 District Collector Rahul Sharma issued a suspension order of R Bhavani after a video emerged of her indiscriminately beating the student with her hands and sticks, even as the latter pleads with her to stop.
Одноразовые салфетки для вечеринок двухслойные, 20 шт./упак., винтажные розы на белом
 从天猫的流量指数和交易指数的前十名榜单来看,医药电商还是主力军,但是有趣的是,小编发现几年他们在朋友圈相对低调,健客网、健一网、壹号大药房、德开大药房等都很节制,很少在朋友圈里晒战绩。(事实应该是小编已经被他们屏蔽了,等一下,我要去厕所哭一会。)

━━━━━━━━

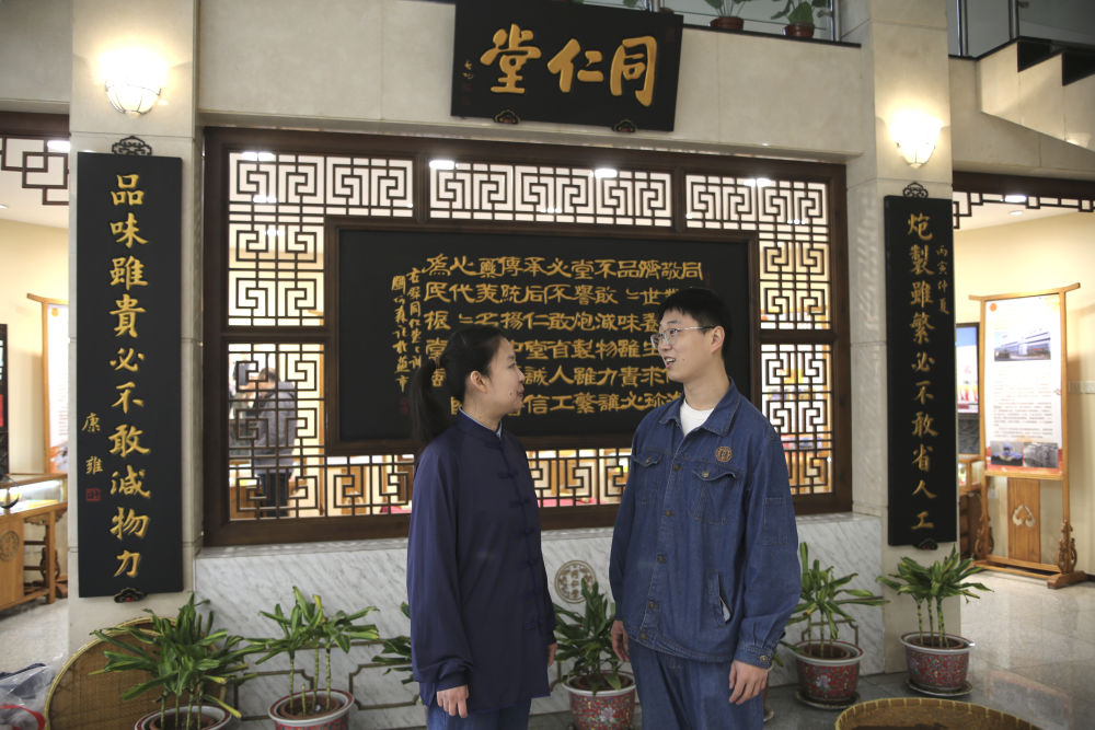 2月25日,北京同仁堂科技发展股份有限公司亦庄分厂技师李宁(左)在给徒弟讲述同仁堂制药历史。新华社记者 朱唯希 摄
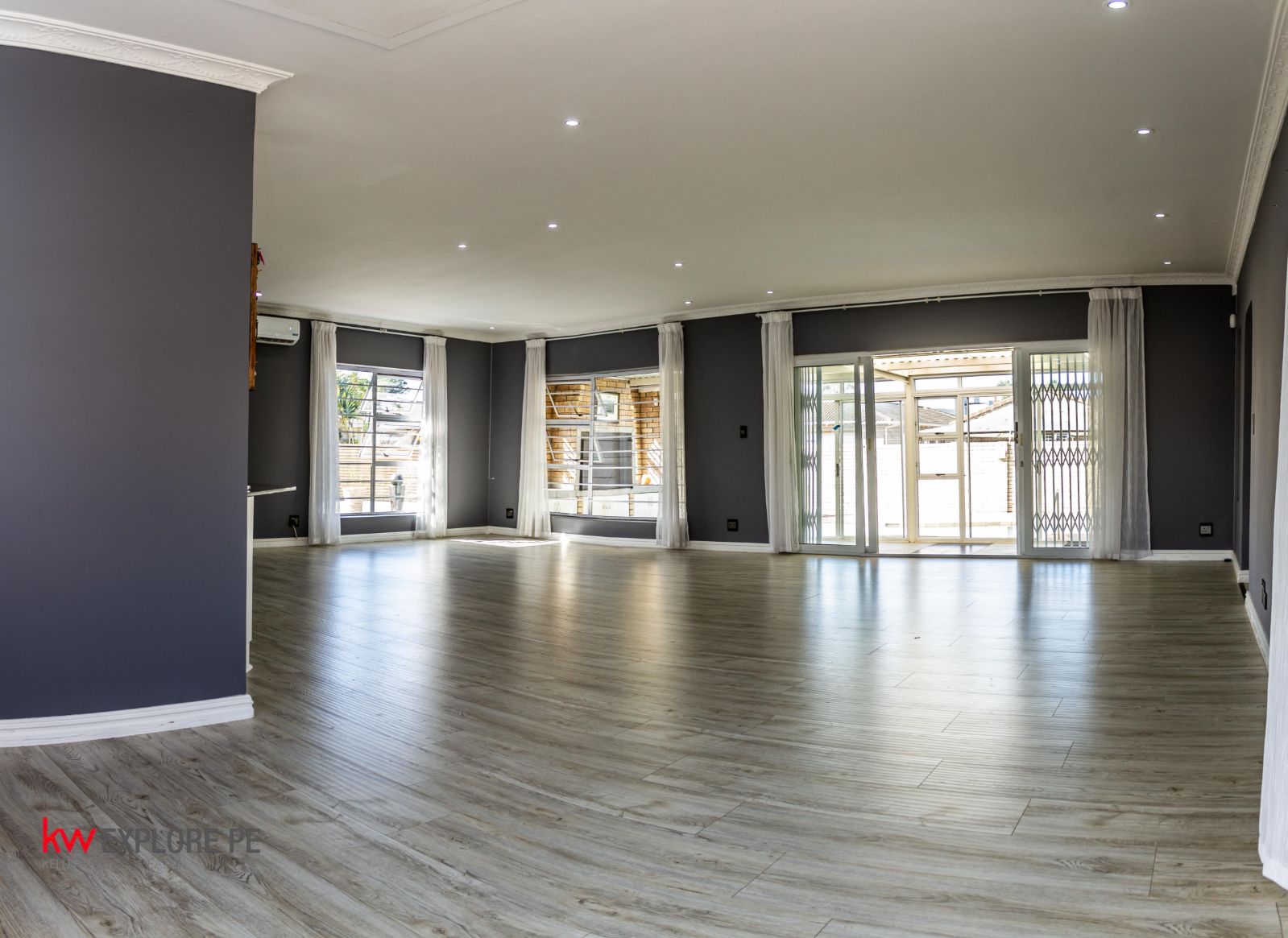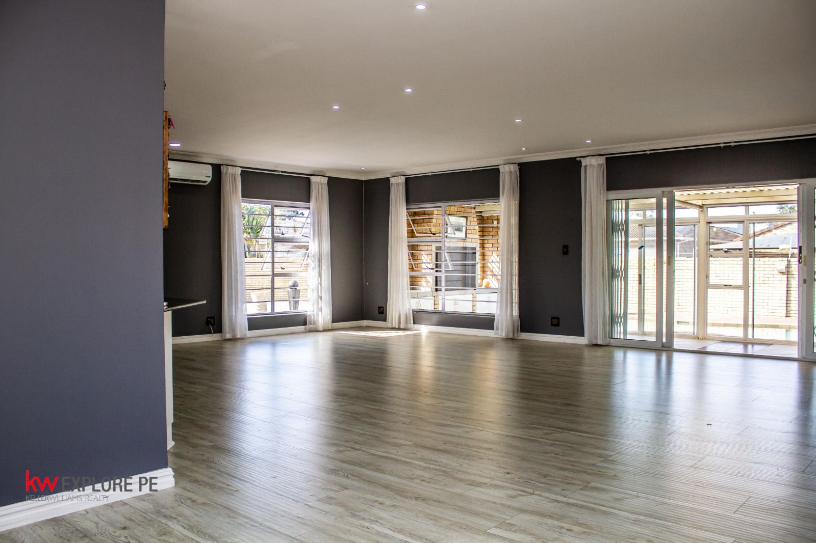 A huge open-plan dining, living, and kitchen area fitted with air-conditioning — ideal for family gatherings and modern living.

━━━━━━━━

EXERCISE DETAILS: In the listing above, find the line containing "2月25日,北京同仁堂科技发展股份有限公司亦庄分厂技师李宁(左)在给徒弟讲述同仁堂制药历史。新华社记者 朱唯希 摄" and the line containing "A huge open-plan"; print those lines and every line between them exactly, leaving out pictures.

YOUR SOLUTION:
 2月25日,北京同仁堂科技发展股份有限公司亦庄分厂技师李宁(左)在给徒弟讲述同仁堂制药历史。新华社记者 朱唯希 摄
 A huge open-plan dining, living, and kitchen area fitted with air-conditioning — ideal for family gatherings and modern living.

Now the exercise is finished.